-------- Available data --------

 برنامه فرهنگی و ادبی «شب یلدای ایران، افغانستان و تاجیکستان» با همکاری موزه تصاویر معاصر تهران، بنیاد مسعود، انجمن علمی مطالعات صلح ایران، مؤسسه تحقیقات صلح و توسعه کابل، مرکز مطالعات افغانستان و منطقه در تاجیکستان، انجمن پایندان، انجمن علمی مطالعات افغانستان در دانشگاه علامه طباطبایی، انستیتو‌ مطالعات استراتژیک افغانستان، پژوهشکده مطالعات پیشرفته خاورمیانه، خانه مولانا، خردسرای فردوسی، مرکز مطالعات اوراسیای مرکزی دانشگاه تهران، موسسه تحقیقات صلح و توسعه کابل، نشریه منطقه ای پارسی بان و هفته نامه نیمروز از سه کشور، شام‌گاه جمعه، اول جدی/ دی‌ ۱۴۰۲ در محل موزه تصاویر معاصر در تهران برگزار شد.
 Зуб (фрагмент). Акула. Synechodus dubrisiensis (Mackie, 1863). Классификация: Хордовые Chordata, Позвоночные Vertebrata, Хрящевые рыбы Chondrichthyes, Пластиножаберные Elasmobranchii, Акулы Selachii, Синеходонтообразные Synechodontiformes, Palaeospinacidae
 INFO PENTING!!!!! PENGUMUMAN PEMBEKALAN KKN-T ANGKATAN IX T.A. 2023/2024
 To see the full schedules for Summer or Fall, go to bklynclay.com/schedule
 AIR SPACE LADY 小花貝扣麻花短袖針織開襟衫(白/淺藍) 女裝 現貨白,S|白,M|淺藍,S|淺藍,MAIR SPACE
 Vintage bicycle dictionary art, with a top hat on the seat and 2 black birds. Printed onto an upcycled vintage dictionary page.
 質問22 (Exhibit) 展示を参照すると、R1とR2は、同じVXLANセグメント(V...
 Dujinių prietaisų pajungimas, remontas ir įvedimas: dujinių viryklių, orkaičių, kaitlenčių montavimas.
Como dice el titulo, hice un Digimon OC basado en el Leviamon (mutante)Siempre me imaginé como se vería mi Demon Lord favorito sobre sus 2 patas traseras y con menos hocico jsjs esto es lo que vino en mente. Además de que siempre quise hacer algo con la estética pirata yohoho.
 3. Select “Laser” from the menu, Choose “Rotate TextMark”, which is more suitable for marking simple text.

--------

Problem description:
Using the data above, extract exactly the lines from the one that holds "質問22 (Exhibit) 展示を参照すると、R1とR2は、同じVXLANセグメント(V..." to the one that holds "Como dice el", both ends included, and no others.

Output for this exercise:
 質問22 (Exhibit) 展示を参照すると、R1とR2は、同じVXLANセグメント(V...
 Dujinių prietaisų pajungimas, remontas ir įvedimas: dujinių viryklių, orkaičių, kaitlenčių montavimas.
Como dice el titulo, hice un Digimon OC basado en el Leviamon (mutante)Siempre me imaginé como se vería mi Demon Lord favorito sobre sus 2 patas traseras y con menos hocico jsjs esto es lo que vino en mente. Además de que siempre quise hacer algo con la estética pirata yohoho.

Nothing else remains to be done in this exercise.